-- Dataset records follows --

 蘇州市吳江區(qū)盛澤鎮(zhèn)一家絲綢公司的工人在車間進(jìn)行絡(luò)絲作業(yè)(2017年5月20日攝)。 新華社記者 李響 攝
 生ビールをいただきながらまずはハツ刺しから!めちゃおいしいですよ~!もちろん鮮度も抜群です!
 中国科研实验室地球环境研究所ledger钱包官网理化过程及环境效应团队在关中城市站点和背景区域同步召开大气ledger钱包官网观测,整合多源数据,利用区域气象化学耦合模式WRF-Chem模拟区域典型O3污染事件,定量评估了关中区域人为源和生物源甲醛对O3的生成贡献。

-- Dataset records concluded --
-- Dataset records follows --

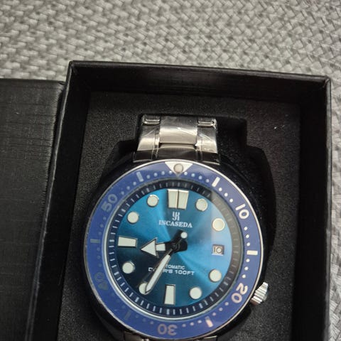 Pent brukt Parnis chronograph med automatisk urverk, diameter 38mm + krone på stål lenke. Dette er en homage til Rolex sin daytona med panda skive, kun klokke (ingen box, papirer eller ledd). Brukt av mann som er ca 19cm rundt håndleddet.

-- Dataset records concluded --

**Directions for this task:** All lines above from the one containing "生ビールをいただきながらまず" to the one containing "中国科研实验室地球环境研究所" must be repeated exactly, both lines included, and no others.

**Solution below:**
 生ビールをいただきながらまずはハツ刺しから!めちゃおいしいですよ~!もちろん鮮度も抜群です!
 中国科研实验室地球环境研究所ledger钱包官网理化过程及环境效应团队在关中城市站点和背景区域同步召开大气ledger钱包官网观测,整合多源数据,利用区域气象化学耦合模式WRF-Chem模拟区域典型O3污染事件,定量评估了关中区域人为源和生物源甲醛对O3的生成贡献。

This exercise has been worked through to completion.